**TASK GOAL:**
Every line of the listing must be reproduced as it stands. Leave the images behind.
[Opening COLLECTED MATERIAL section]
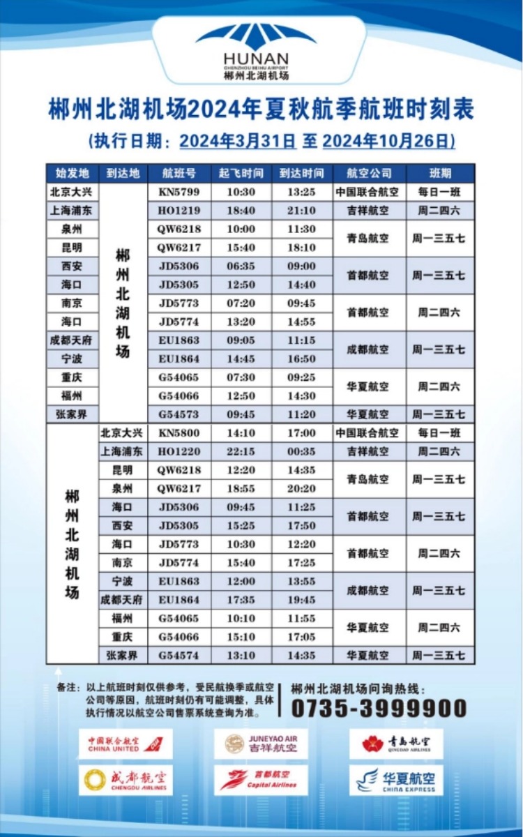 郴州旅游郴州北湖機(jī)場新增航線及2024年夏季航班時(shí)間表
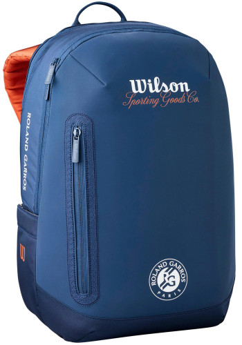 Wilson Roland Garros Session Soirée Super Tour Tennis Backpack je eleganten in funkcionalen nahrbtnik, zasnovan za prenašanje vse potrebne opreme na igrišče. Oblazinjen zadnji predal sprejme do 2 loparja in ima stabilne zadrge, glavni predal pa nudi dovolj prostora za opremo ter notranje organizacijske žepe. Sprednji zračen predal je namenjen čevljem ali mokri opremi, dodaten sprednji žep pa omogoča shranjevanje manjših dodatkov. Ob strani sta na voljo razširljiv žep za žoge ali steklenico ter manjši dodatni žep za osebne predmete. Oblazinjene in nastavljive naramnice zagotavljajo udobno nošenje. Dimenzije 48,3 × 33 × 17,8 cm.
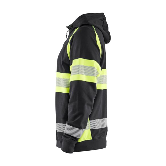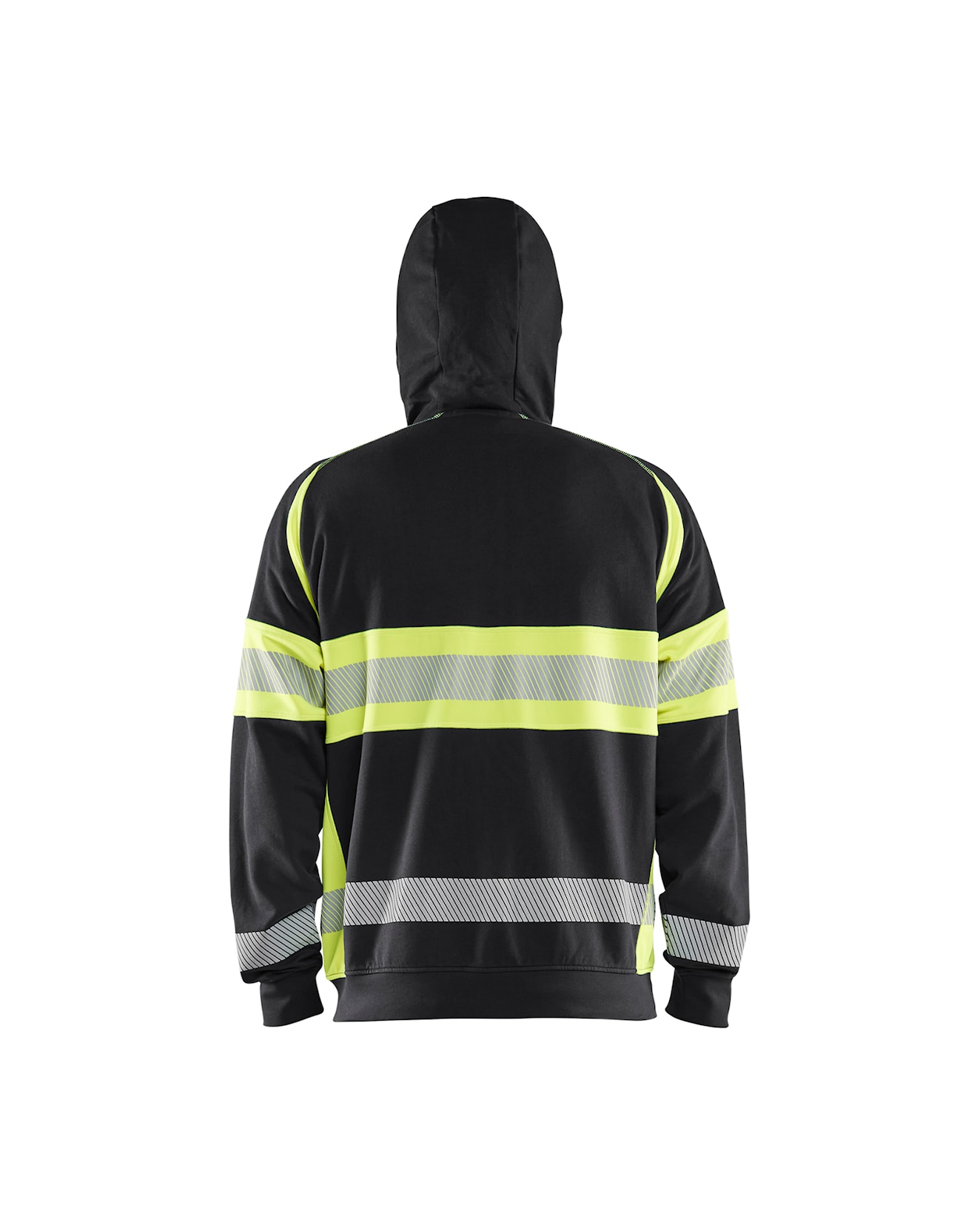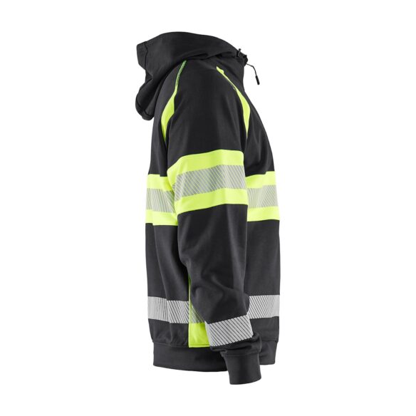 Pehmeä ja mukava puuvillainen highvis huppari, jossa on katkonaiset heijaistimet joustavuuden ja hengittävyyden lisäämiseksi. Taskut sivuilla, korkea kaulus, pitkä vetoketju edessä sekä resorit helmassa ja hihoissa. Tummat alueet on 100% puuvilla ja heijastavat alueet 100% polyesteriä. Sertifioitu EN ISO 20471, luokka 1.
[Closing COLLECTED MATERIAL section]
**TASK RESULT:**
 郴州旅游郴州北湖機(jī)場新增航線及2024年夏季航班時(shí)間表
 Wilson Roland Garros Session Soirée Super Tour Tennis Backpack je eleganten in funkcionalen nahrbtnik, zasnovan za prenašanje vse potrebne opreme na igrišče. Oblazinjen zadnji predal sprejme do 2 loparja in ima stabilne zadrge, glavni predal pa nudi dovolj prostora za opremo ter notranje organizacijske žepe. Sprednji zračen predal je namenjen čevljem ali mokri opremi, dodaten sprednji žep pa omogoča shranjevanje manjših dodatkov. Ob strani sta na voljo razširljiv žep za žoge ali steklenico ter manjši dodatni žep za osebne predmete. Oblazinjene in nastavljive naramnice zagotavljajo udobno nošenje. Dimenzije 48,3 × 33 × 17,8 cm.
 Pehmeä ja mukava puuvillainen highvis huppari, jossa on katkonaiset heijaistimet joustavuuden ja hengittävyyden lisäämiseksi. Taskut sivuilla, korkea kaulus, pitkä vetoketju edessä sekä resorit helmassa ja hihoissa. Tummat alueet on 100% puuvilla ja heijastavat alueet 100% polyesteriä. Sertifioitu EN ISO 20471, luokka 1.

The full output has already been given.